Your task » Please write out the full listing beneath this line exactly, skipping its images.

Information provided »
########
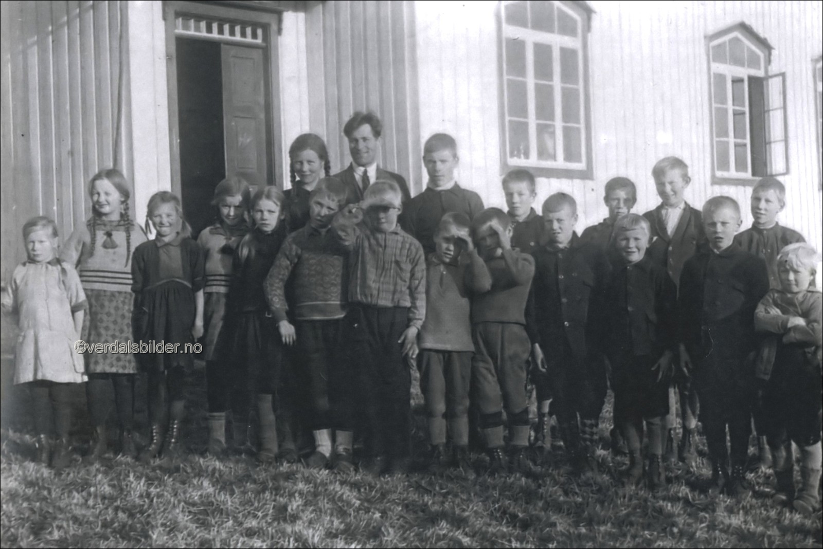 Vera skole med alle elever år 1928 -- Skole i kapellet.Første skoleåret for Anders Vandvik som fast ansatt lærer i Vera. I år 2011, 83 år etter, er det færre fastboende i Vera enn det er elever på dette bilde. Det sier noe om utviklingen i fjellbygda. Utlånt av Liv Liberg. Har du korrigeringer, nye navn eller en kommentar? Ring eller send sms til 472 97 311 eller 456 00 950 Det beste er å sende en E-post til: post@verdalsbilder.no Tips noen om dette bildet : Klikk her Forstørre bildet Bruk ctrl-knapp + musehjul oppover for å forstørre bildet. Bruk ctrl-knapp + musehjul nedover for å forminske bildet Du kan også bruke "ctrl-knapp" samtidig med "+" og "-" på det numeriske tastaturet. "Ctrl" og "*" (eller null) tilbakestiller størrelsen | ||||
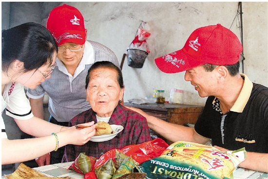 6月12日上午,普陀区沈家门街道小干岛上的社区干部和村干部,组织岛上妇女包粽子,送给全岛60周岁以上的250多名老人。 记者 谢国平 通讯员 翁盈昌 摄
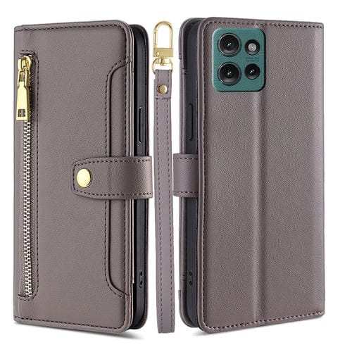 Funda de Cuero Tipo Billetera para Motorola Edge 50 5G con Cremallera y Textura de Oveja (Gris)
########
Result of this exercise »
 Vera skole med alle elever år 1928 -- Skole i kapellet.Første skoleåret for Anders Vandvik som fast ansatt lærer i Vera. I år 2011, 83 år etter, er det færre fastboende i Vera enn det er elever på dette bilde. Det sier noe om utviklingen i fjellbygda. Utlånt av Liv Liberg. Har du korrigeringer, nye navn eller en kommentar? Ring eller send sms til 472 97 311 eller 456 00 950 Det beste er å sende en E-post til: post@verdalsbilder.no Tips noen om dette bildet : Klikk her Forstørre bildet Bruk ctrl-knapp + musehjul oppover for å forstørre bildet. Bruk ctrl-knapp + musehjul nedover for å forminske bildet Du kan også bruke "ctrl-knapp" samtidig med "+" og "-" på det numeriske tastaturet. "Ctrl" og "*" (eller null) tilbakestiller størrelsen | ||||
 6月12日上午,普陀区沈家门街道小干岛上的社区干部和村干部,组织岛上妇女包粽子,送给全岛60周岁以上的250多名老人。 记者 谢国平 通讯员 翁盈昌 摄
 Funda de Cuero Tipo Billetera para Motorola Edge 50 5G con Cremallera y Textura de Oveja (Gris)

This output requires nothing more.